Because in order to make data from one system climate data store to Google Earth Engine to make them available there, we have to download the data in GRIP or NetCDF. We have converted the data to GeoTIFF. We have to upload them to Google Cloud Platform, and then we have to ingest them to Google Earth Engine.
And so the entire process to make seven era five parameters available, around four or five terabytes of data, it took around nine months. And this brings me to the needs. And one important need is, yes, systems have to interoperate with each other
and data have to be easily exchangeable with each other. And this can be achieved with standards. But it has to be beyond, or it has to go beyond web mapping services because we are data users and large volumes of data, we want to have the real access. So we also have to, we need more web coverage services
and web processing services. The second need is, yeah, we have to make it easier to handle and process the data with tools users use. And so Python and R are at the moment the languages data scientists use. And so, yeah, we need good and handy wrappers
and drivers to work with the data. And ECMWF has put a strong focus on making it easier and also bringing the custom built software to the Python world, specifically the last year. And the third need is,
if we have these tools and the packages and the data, we also have to show how we can actually efficiently put these everything together. So we have to generate reproducible workflows and we have to train data. If you like to discuss and talk about reproducibility,
please have a look at the reproducibility workshop at ECMWF. We will dedicate three days on this topic in mid of October. And so now it's, yeah, the question is, okay, where are we going? And it's not a surprise. Yeah, cloud is the future.

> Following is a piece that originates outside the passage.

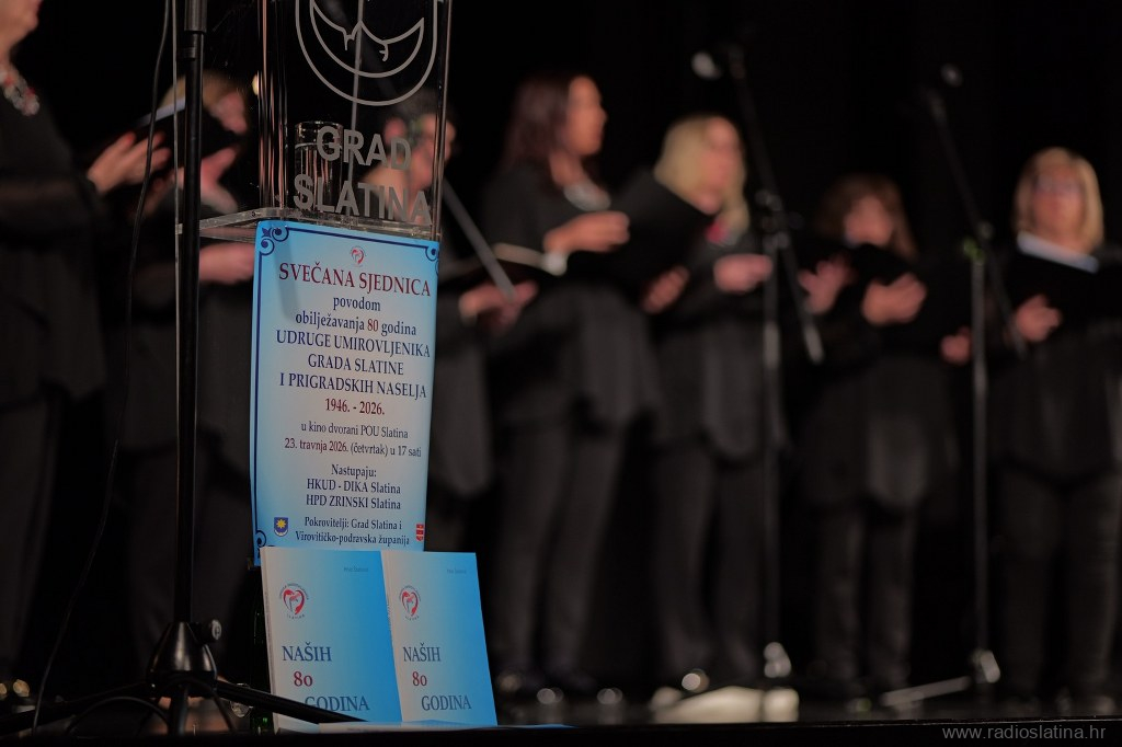 Danas (23. travnja) je u velikoj dvorani Pučkog otvorenog učilišta Slatina održana svečana sjednica povodom obilježavanja velikog jubileja – 80 godina postojanja i rada Udruge umirovljenika Slatina.

So ECMWF is involved in quite a few cloud projects at the moment. So, but this shows also that there's still a lot of question marks as well, how data services can be set up also on the perspective from data providers. And, but the good thing is the user survey, I also ask users if they would be motivated
to migrate to cloud services and 68% were interested or even very interested to migrate to cloud services to do their processing there. But we have to keep in mind, not just, just because of the fact we have a new system,
we have cloud services and yeah, and it might be beneficial for users. It doesn't necessarily mean that users also use the systems. And so cloud is a paradigm change and we have to keep in mind that change also always takes time. So to conclude this talk, I just would like to give you three take home messages.
And the first one is a quote from Albert Einstein saying, problems cannot be solved by the same level of thinking that created them. So I just wanted to say that, yeah, we have to keep in mind in our day to day work rather than to work on what is possible now to think what do we want to have in 10 and 20 years
and work towards this path. The second take home message is, I think it's less of a problem here in this community, make reproducibility and sharing to a part of your personal code of conduct. So see it as a chance rather than a hassle.
And the third one is, train others, share your skills and also knowledge. So what we discuss during these days here and also in other conferences, we have to bring to universities, we have to bring to companies and public authorities to really train the next generation of geospatial practitioners.
And I liked the resemblance from Vasily yesterday. So yeah, and I want to conclude it with, just continue building bridges and I wish everyone an inspiring FUS4G. Thank you.